TASK STATEMENT -> Produce a verbatim copy of the following records, leaving out all pictures.

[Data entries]
§

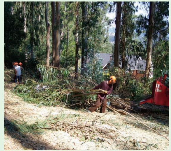
Above: Eucalyptus branches are hauled to a chipper during a fuel reduction project.
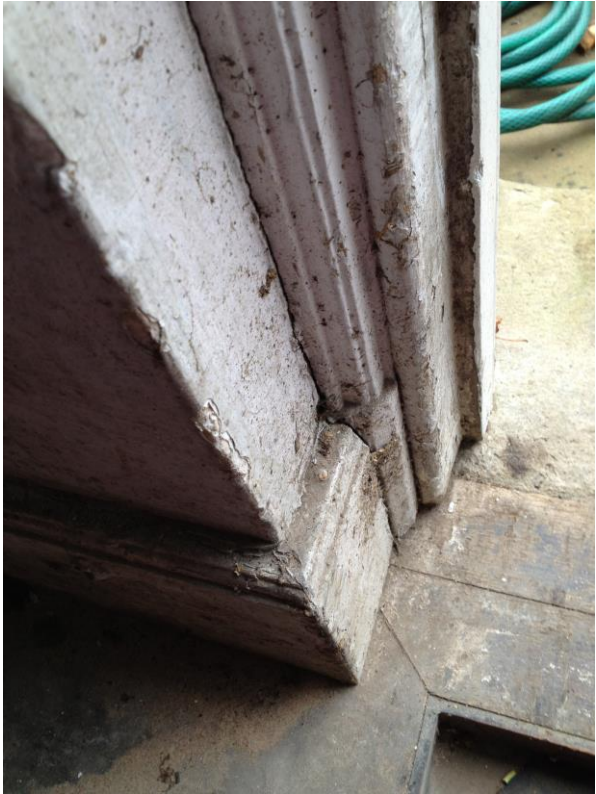
Fig. 47 existing skirting and architrave joinery details (Nov 15).
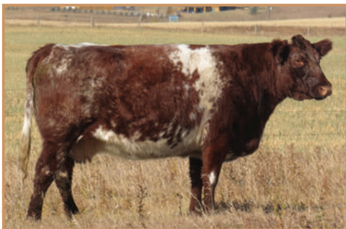
DAM - DIAMOND ZEALOUS BARONESS 5Z

A full brother to Diamond Hendrix 2H, whom we appreciated enough to be used last summer at TGN Shorthorns. Lucrative has performance, an attractive deep jaw, wide back, big foot, significant hip, and sound structure. With a dam like Diamond Zealous Baroness 5Z, you can count on having highly productive daughters and outstanding sons; every bull she has produced was sold as a herd sire, and the full brothers in this sale are among the best! When we select a herd sire or offer a herd sire, we emphasize the dam, her phenotype, and maternal capabilities to allow our customers to take out the guesswork.
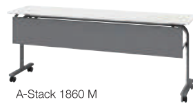
A-Stack 1860 M
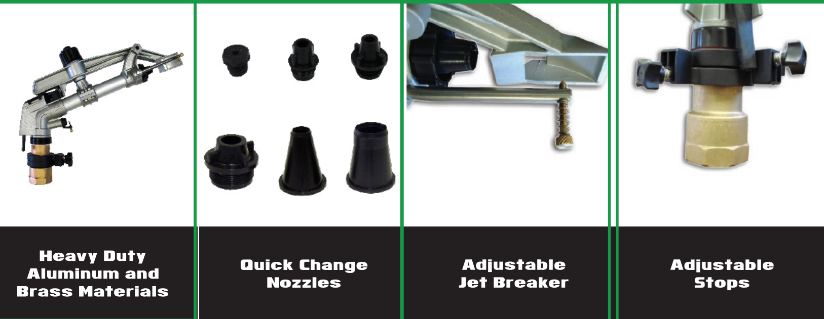
Heavy Duty Aluminum and Brass Materials
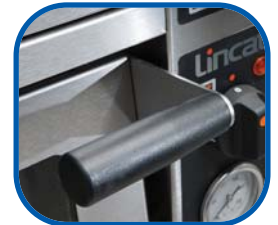
Reversible oven handle for optimum operational comfort
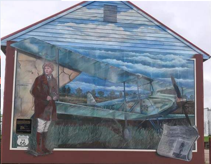
<Fanning, MO—May 18
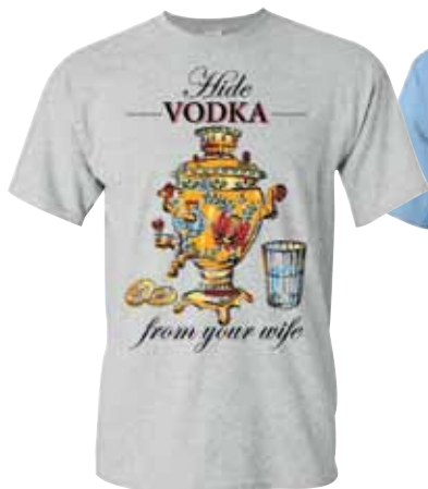
Hide Vodka $12.99

§

ANSWER AREA ->
Above: Eucalyptus branches are hauled to a chipper during a fuel reduction project.
Fig. 47 existing skirting and architrave joinery details (Nov 15).
DAM - DIAMOND ZEALOUS BARONESS 5Z

A full brother to Diamond Hendrix 2H, whom we appreciated enough to be used last summer at TGN Shorthorns. Lucrative has performance, an attractive deep jaw, wide back, big foot, significant hip, and sound structure. With a dam like Diamond Zealous Baroness 5Z, you can count on having highly productive daughters and outstanding sons; every bull she has produced was sold as a herd sire, and the full brothers in this sale are among the best! When we select a herd sire or offer a herd sire, we emphasize the dam, her phenotype, and maternal capabilities to allow our customers to take out the guesswork.
A-Stack 1860 M
Heavy Duty Aluminum and Brass Materials
Reversible oven handle for optimum operational comfort
<Fanning, MO—May 18
Hide Vodka $12.99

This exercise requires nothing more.